The Securities and Exchange Commission (SEC) has once more turned down applications for a Bitcoin spot exchange-traded fund (ETF) to be issued in the United States.
The latest proposal for a spot Bitcoin ETF had been submitted by 21Shares, the global crypto ETF provider, and ARK Invest of Cathie Wood.
The ETF
The two companies had joined hands together for launching the ARK 21Shares Bitcoin ETF for the second time.
The application for the Bitcoin spot ETF had been filed on May 13th last year initially. This was a month after Ark’s application had already been rejected for getting the product listed on BZX.
The ETF is essentially a financial product that offers investors exposure to the underlying asset indirectly. This can come in handy for people who want to invest in items that are often difficult to store or own on their own.
Some examples of these assets include gold and now cryptocurrency has also been added to the mix. The rationale behind the SEC’s decision to turn down the application remains the same as the last time.
The agency said that Ark had not been able to demonstrate that the investing public can be offered adequate protection by the rules of its exchange against manipulative and fraudulent practices and acts.
The rejection
According to the SEC, the Exchange Act Section 6(b)(5) outlines the obligations that an exchange has to meet before listing a bitcoin-based ETP.
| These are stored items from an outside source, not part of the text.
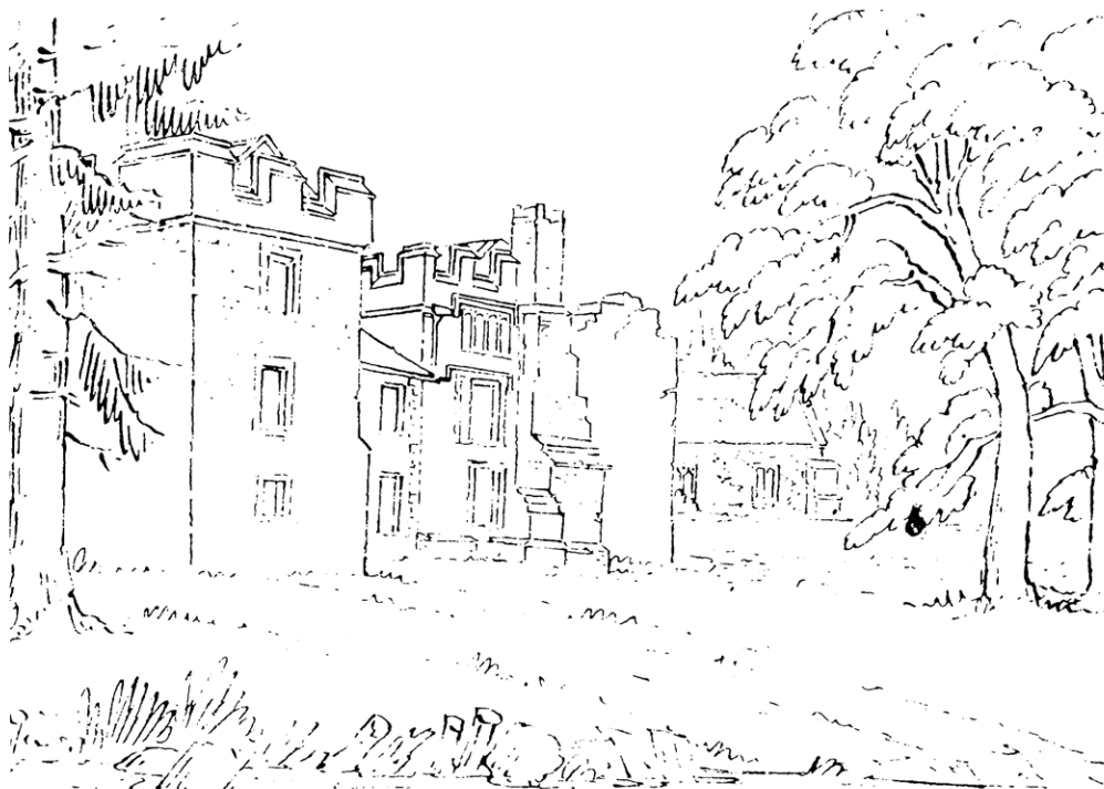
FIG. 2. – Part of Newbiggin Hall taken down 15 May 1844.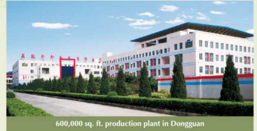
600,000 sq. ft. production plant in Dongguan

Our 600,000 sq. ft. production plant in Dongguan, China is staffed by skillful workers and has been awarded the ISO 9001, ISO 14001, BRC, FSC qualifications; and is an approved supplier for many international brand name companies.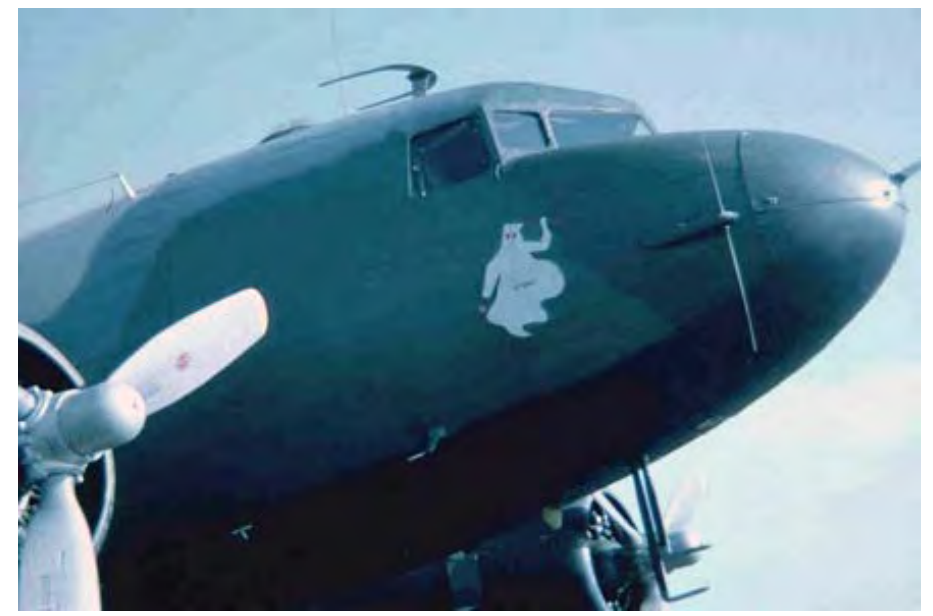
18. Đà Nàng AB, flight line. C-47 Spooky, starboard and cockpit nose-art.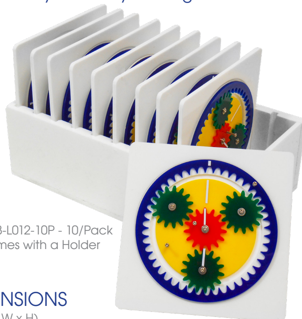
N98-L012-10P - 10/Pack comes with a Holder

By stopping the Ring Gear and rotating the Carrier, the Sun Gear rotates with acceleration. Gear ratio is 0.25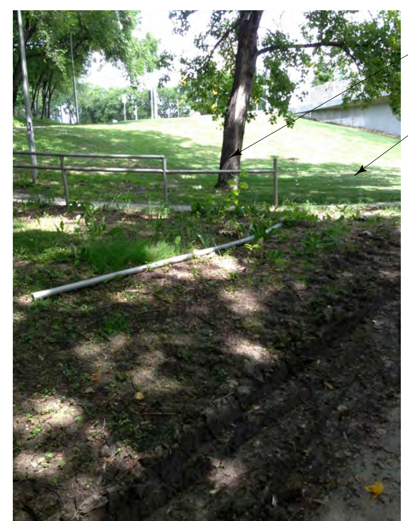
3 Existing Railing L-04

Railing sections to be repaired. Railing sections to be replaced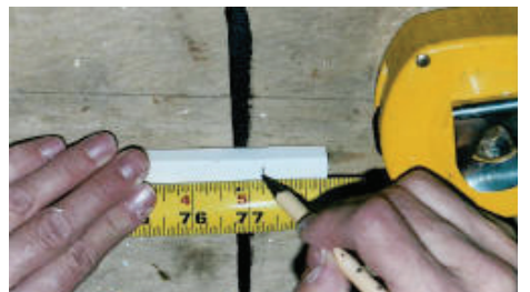
Figure 8. Mark and cut the bottom.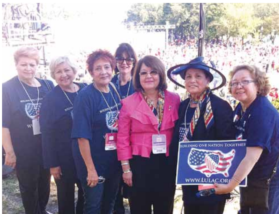
LULAC National Board members with LULAC National President at the One Nation March in Washington, D.C.

and human rights protections to all, ending racial profiling, curbing re-segregation attempts, completing the promise of health care reform with a public option, and ensuring that all people have access to affordable, high quality public education from pre-school through college.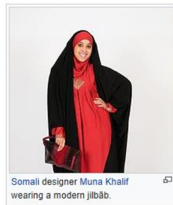
A modern khimar and jilbab

Whilst the instruction to women to cover their upper chests is associated in 24.31 with the modesty of the wearer - who is in the same verse told to ' guard her private parts ' (refrain from fornication), not to stamp her feet so as to jangle any ornaments, and to repent – in 33.59 a different reason is given. The explicit purpose given for this instruction is to enable the wearer to be ' recognised ' (presumably as a Muslim) and thereby to be afforded protection from being ' disturbed '.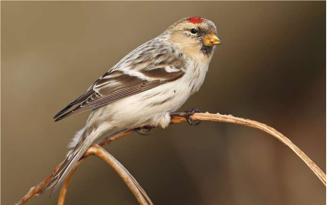
76 Hornemann's Redpoll / Groenlandse Witstuitbarmsijs Acanthis hornemanni hornemanni, first-year, Aldeburgh, Suffolk, England, 16 December 2012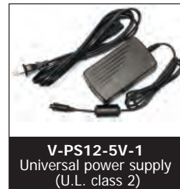
V-PS12-5V-1 Universal power supply (U.L. class 2)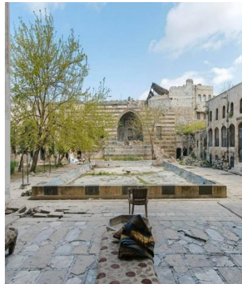
Bait Junblatt Palace, old Aleppo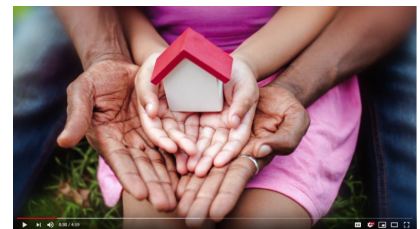
HomeAid Collaborators 2018

In the spirit of Thanksgiving, we'd like to thank all of our incredible partners in the building industry who make our work possible! Watch our new video to see the incredible impact that you help us make for our non-profit partners and their clients each year. Watch here .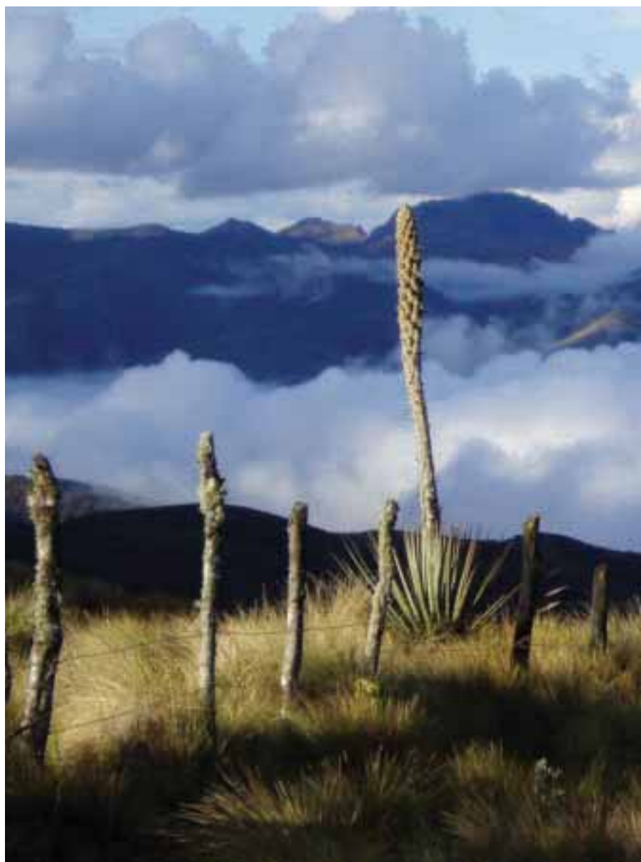
The research team enjoyed stunning views of the Andean mountain ranges as part of their summer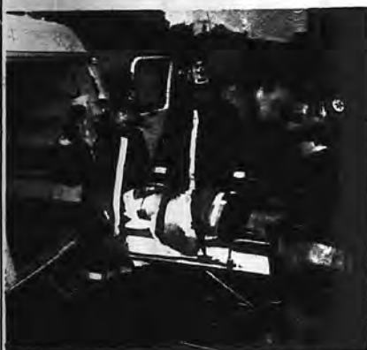
Injured driver removed by Corp members.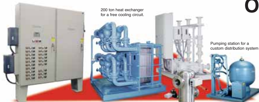
Control Station with individual operators for a custom 800 ton central chilling and tower system.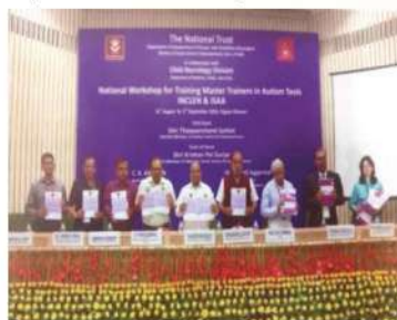
Training of Doctor’s on Evaluation and Assessment of Autism and procedure for Certification

The obligations that are outlined under the said Act are aimed at ensuring that investors are adequately protected from risks associated with the asset, which are quite high in the case of crypto.
If an ETF is approved, it would mean that institutions would be able to purchase bitcoin, something they are unable to do so right now because of the internal charter.
Therefore, crypto bulls are very eager to have such a product launched in the market, but the regulatory bodies are not so keen on it.
Other ETFs
In comparison, the SEC had willingly granted permission for the launch of a number of futures Bitcoin ETFs that had been rolled out in October 2021.
The first one to hit the market was the ProShares Bitcoin Strategy ETF and it saw one of the most active opening days in the history of the New York Stock Exchange (NYSE).
The difference between spot and futures ETFs is that the latter have Bitcoin futures contracts backing them, which is essentially a promise of buying bitcoin at a future date.
The Bitcoin futures market, unlike the Bitcoin spot market, is thoroughly regulated where it is possible for an ETF to have a surveillance sharing agreement like the CME Bitcoin futures market.
Grayscale had also filed for Bitcoin spot ETF and had said that it could also strike an agreement for surveillance sharing with the same market.
But, the SEC said that CME Bitcoin futures and spot Bitcoin are not adequately related and rejected its application.
This has prompted Grayscale to file a lawsuit against the SEC.